■ Dataset records ■
= = = =

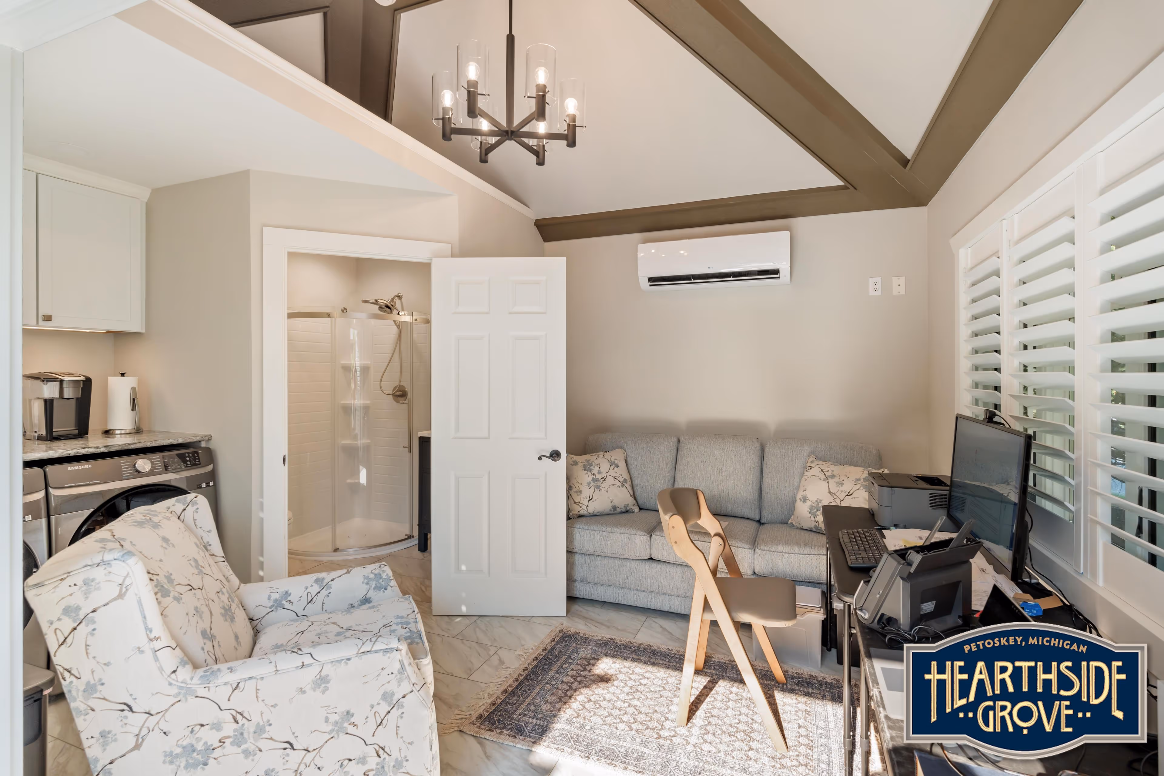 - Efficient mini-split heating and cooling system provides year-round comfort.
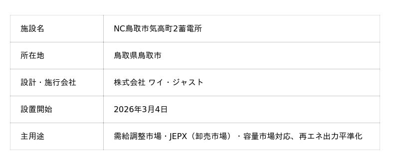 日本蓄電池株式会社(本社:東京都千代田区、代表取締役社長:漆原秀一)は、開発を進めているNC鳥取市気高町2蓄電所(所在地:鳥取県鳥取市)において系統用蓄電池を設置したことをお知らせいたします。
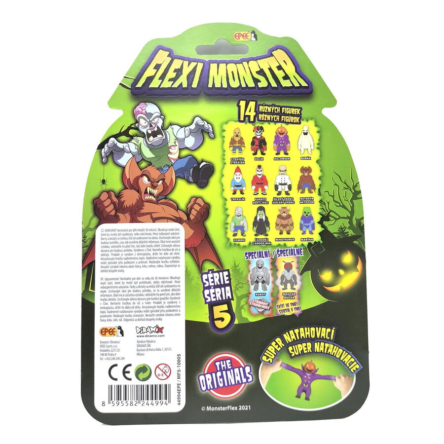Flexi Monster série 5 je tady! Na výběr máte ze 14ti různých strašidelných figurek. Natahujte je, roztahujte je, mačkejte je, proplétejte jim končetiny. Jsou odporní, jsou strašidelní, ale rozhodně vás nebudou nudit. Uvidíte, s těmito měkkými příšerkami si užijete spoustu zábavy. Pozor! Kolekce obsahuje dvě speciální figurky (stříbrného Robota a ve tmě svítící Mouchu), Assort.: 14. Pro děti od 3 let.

= = = =

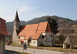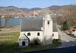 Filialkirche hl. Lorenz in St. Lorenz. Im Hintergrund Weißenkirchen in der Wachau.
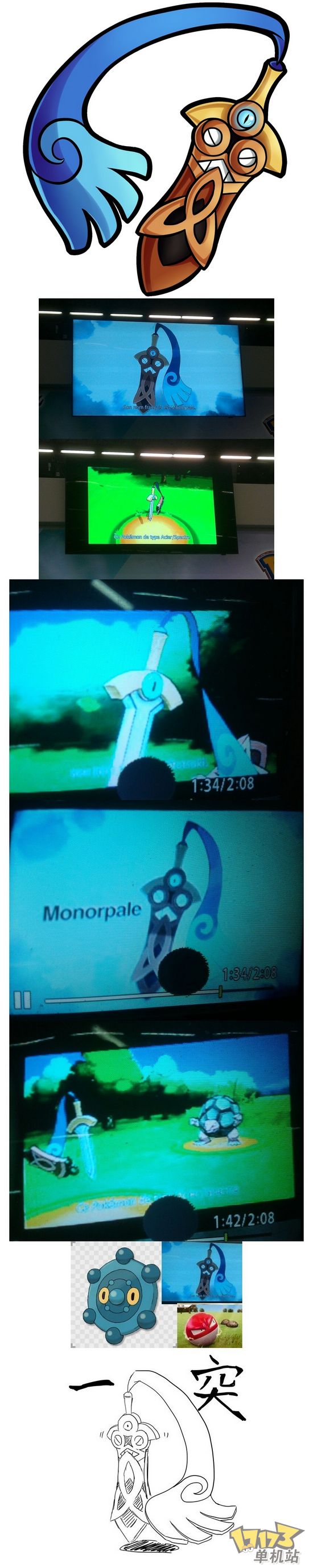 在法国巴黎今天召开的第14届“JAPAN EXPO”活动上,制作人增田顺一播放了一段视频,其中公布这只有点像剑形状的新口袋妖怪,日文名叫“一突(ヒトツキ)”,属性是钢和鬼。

= = = =

■ Activity ■
Your reply should consist solely of the lines above from the line containing "- Efficient mini-split" up to and including the line containing "Flexi Monster série", reproduced exactly, minus the pictures.

■ Output ■
 - Efficient mini-split heating and cooling system provides year-round comfort.
 日本蓄電池株式会社(本社:東京都千代田区、代表取締役社長:漆原秀一)は、開発を進めているNC鳥取市気高町2蓄電所(所在地:鳥取県鳥取市)において系統用蓄電池を設置したことをお知らせいたします。
Flexi Monster série 5 je tady! Na výběr máte ze 14ti různých strašidelných figurek. Natahujte je, roztahujte je, mačkejte je, proplétejte jim končetiny. Jsou odporní, jsou strašidelní, ale rozhodně vás nebudou nudit. Uvidíte, s těmito měkkými příšerkami si užijete spoustu zábavy. Pozor! Kolekce obsahuje dvě speciální figurky (stříbrného Robota a ve tmě svítící Mouchu), Assort.: 14. Pro děti od 3 let.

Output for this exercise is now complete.